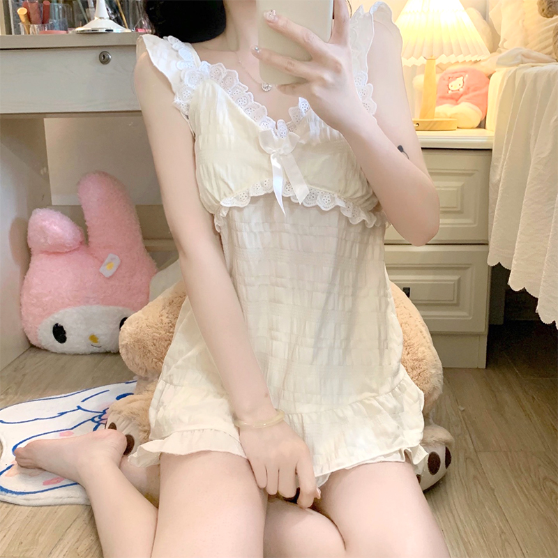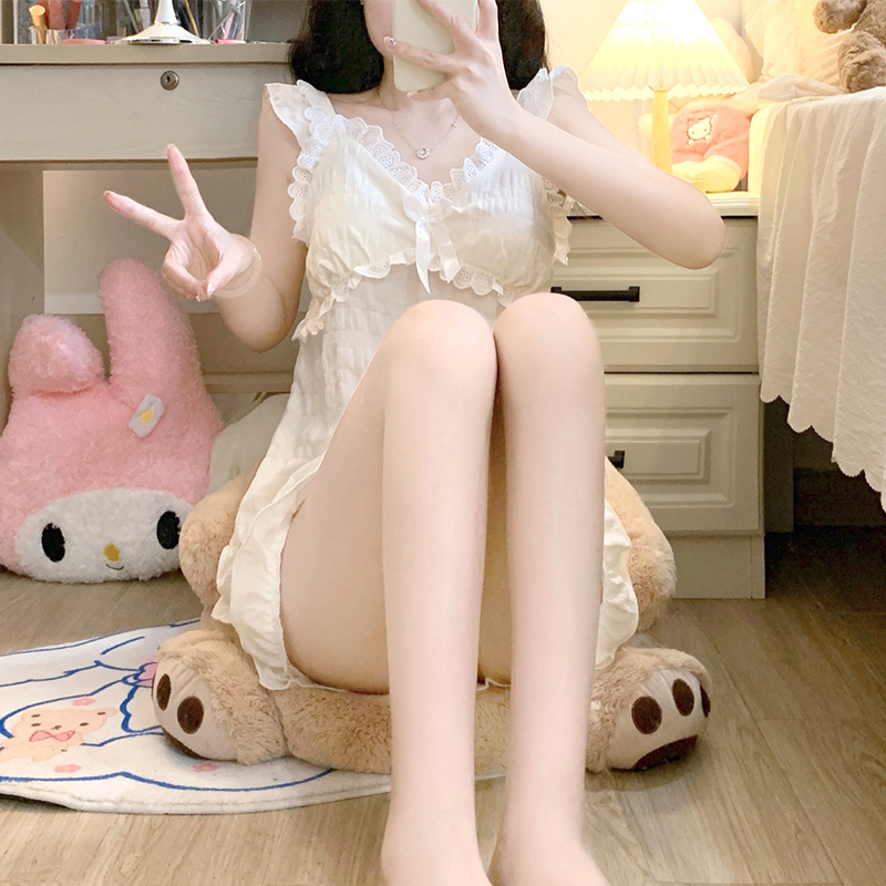 薄 带胸垫甜美学生家居服套装 温柔风睡衣女夏季 吊带梭织棉2025新款
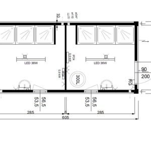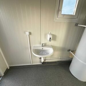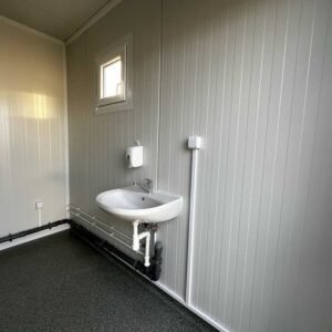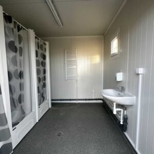 Conteneur sanitaire 3×6 – 6 douches, 2 lavabos, chauffe-eau 300 litres
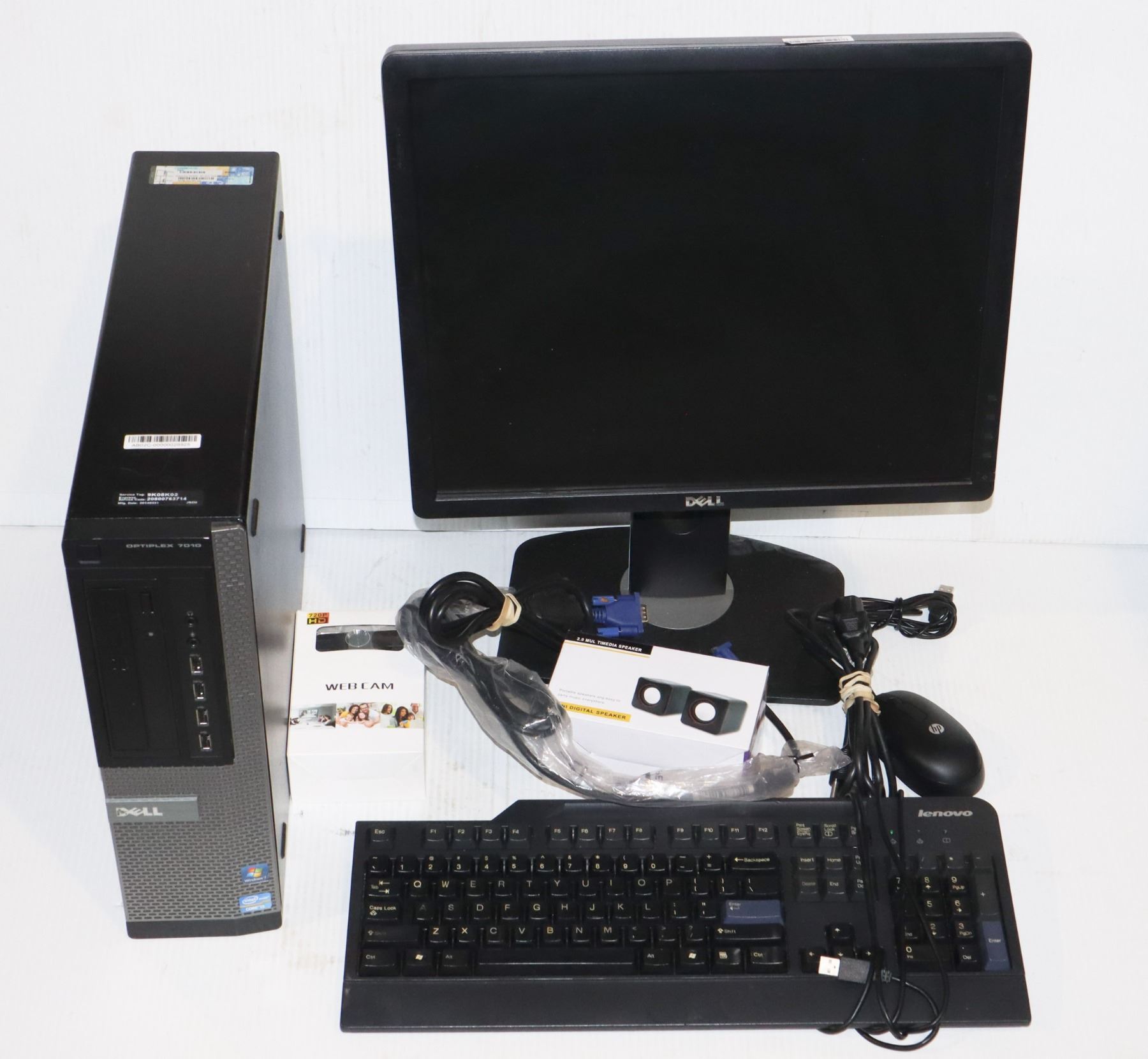 DELL OPTIPLEX 7010 I5 WINDOWS 10 WITH 500GB HARD DRIVE AND 4 GB RAM. NO WIRELESS CARD, YOU WILL NEED A WIFI DONGLE ($10-15 ON AMAZON) TO USE WIRELESS INTERNET OR USE WIRED INTERNET AS CURRENTLY SET UP. INCLUDES 19" DELL MONITOR,KEYBOARD, MOUSE, POWER CABLES, MONITOR VGA CABLE, NEW WEBCAM, NEW SPEAKERS
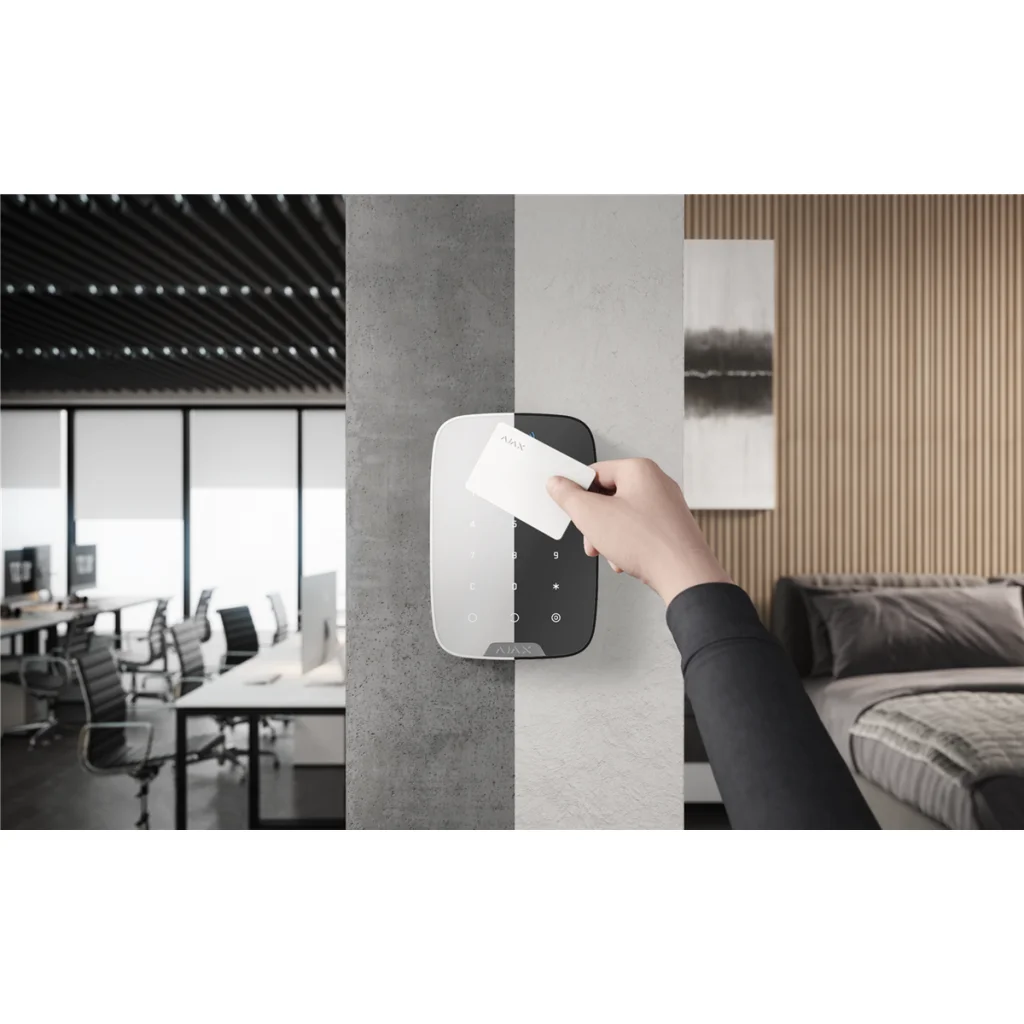 Cette carte protégée contre la copie permet de gérer les modes de sécurité sans mot de passe, sans compte d'utilisateur et sans accès à l'application Ajax. Pour désarmer le système de sécurité, il suffit de tenir le pass contre le lecteur du pavé numérique.
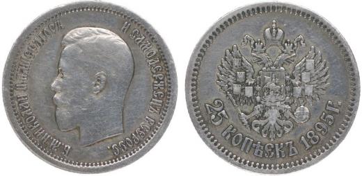 25 Kopějek 1895, Y.57, Uzd.2026 skup.XXI-A/a
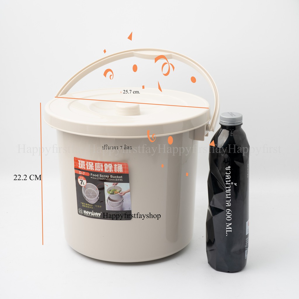 ถังกรองเศษอาหาร ตะแกรง พร้อมฝาปิด ขนาดกระทัดรัด สีครีม สว ยงาม ถังD7
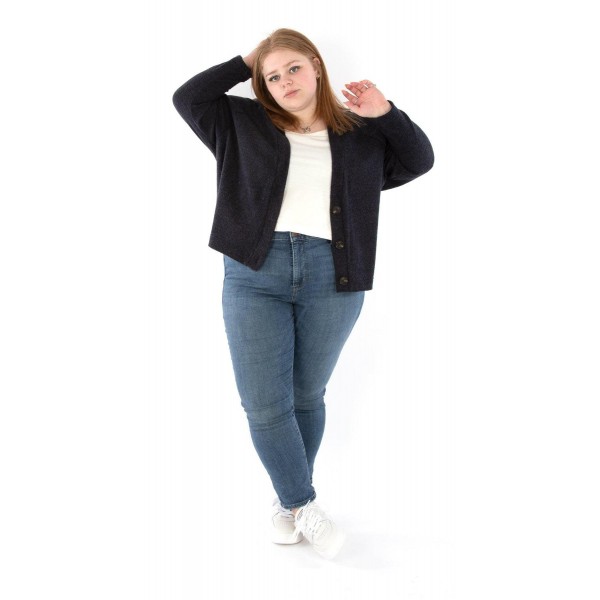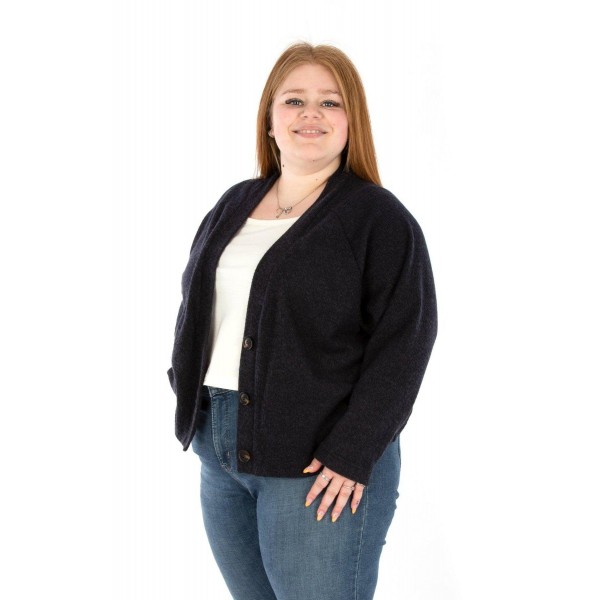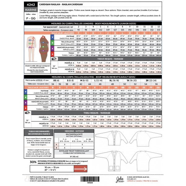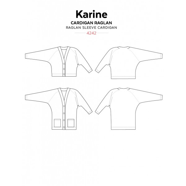 Cardigan ample à manche longue raglan. Finition avec bande large au devant. Deux options: Style chandail, sans poches (A) et tunique (B), avec poches plaquées.
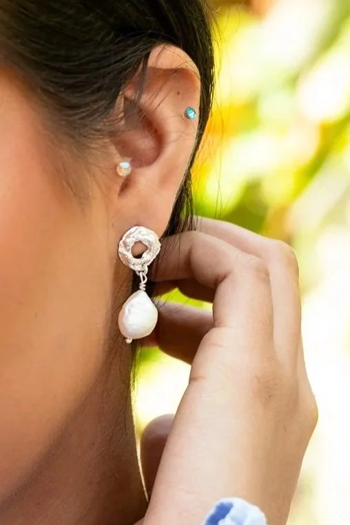 Each piece is crafted using recycled silver, with subtle textures and forms that make every design slightly unique.
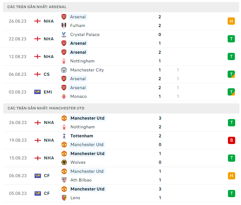 Phong độ, lịch sử đối đầu Arsenal vs MU
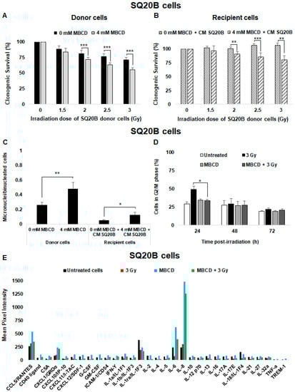 Lipid raft disruption sensitizes SQ20B donor cells to radiation and induces nontargeted effects. SQ20B donor cells were preincubated for 60 min with 4 mM MBCD (lipid raft disruptor) before irradiation in the presence of MBCD. After irradiation, the medium was removed and (A) clonogenic survival was determined in donor cells. (B) Clonogenic survival of SQ20B recipient cells was co-incubated or not with MBCD before transfer of the CM from SQ20B donor cells. (C) The number of micronuclei per cell in SQ20B donor and recipient cells in the presence or absence of MBCD was quantified. (D) The percentage of cells in G2/M phase was determined using flow cytometry in SQ20B donor cells in the presence or absence of MBCD. The results are the mean ± SD of three experiments performed in triplicate. * p < 0.05, ** p < 0.01, and *** p < 0.001 compared with cells treated only with radiation. (E) The expression of cytokines secreted in the CM from untreated, irradiated (3 Gy), and MBCD + irradiated SQ20B cells was evaluated using the Human Cytokine Array (Proteome Profiler Array; R&D Systems, Minneapolis, MN, USA). For each cytokine, ImageJ software was used to determine pixel intensity.
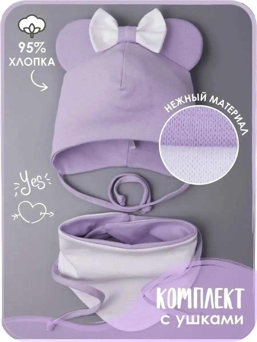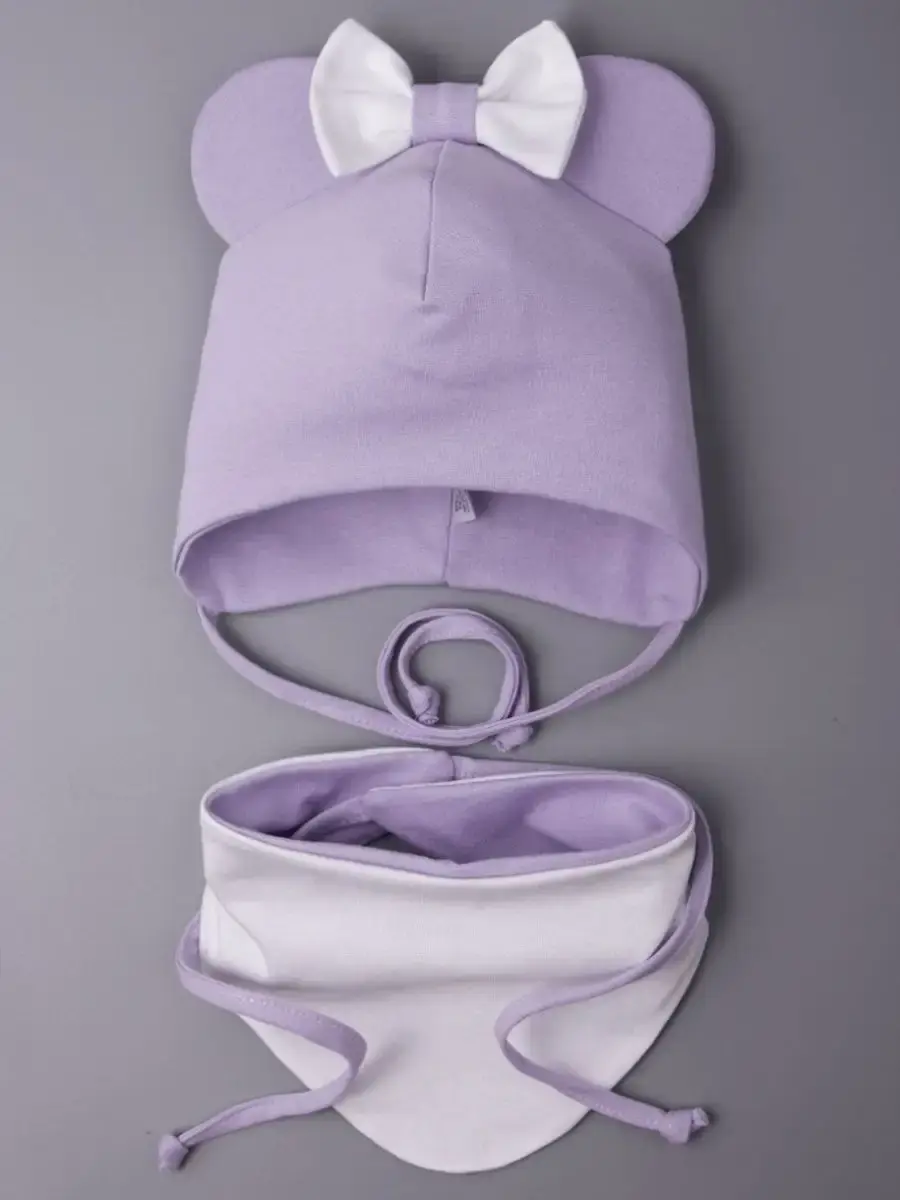 Шапка осенняя для девочки с ушками и снудом – это стильный и уютный вариант на осень и теплую зиму для вашего малыша! Хотите, чтобы ваш ребенок чувствовал себя комфортно и стильно в любую погоду? Тогда этот комплект для девочки - идеальный вариант для вас! Демисезонная шапка с ушками и бантиком для девочки из мягкого и приятного к телу трикотажа отлично защитит от ветра и холода в переходные периоды года. Шапка на завязках закрывает уши и не дает холоду проникнуть, а ушки мики мауса придают образу малыша особую милость и очарование.

● **Brief**: Each line above starting at the one holding "Cette carte protégée" and ending at the one holding "Phong độ, lịch sử đối đầu Arsenal vs MU" should be set down exactly as it stands, both ends included, with no pictures.

● **Reply to the exercise**:
 Cette carte protégée contre la copie permet de gérer les modes de sécurité sans mot de passe, sans compte d'utilisateur et sans accès à l'application Ajax. Pour désarmer le système de sécurité, il suffit de tenir le pass contre le lecteur du pavé numérique.
 25 Kopějek 1895, Y.57, Uzd.2026 skup.XXI-A/a
 ถังกรองเศษอาหาร ตะแกรง พร้อมฝาปิด ขนาดกระทัดรัด สีครีม สว ยงาม ถังD7
 Cardigan ample à manche longue raglan. Finition avec bande large au devant. Deux options: Style chandail, sans poches (A) et tunique (B), avec poches plaquées.
 Each piece is crafted using recycled silver, with subtle textures and forms that make every design slightly unique.
 Phong độ, lịch sử đối đầu Arsenal vs MU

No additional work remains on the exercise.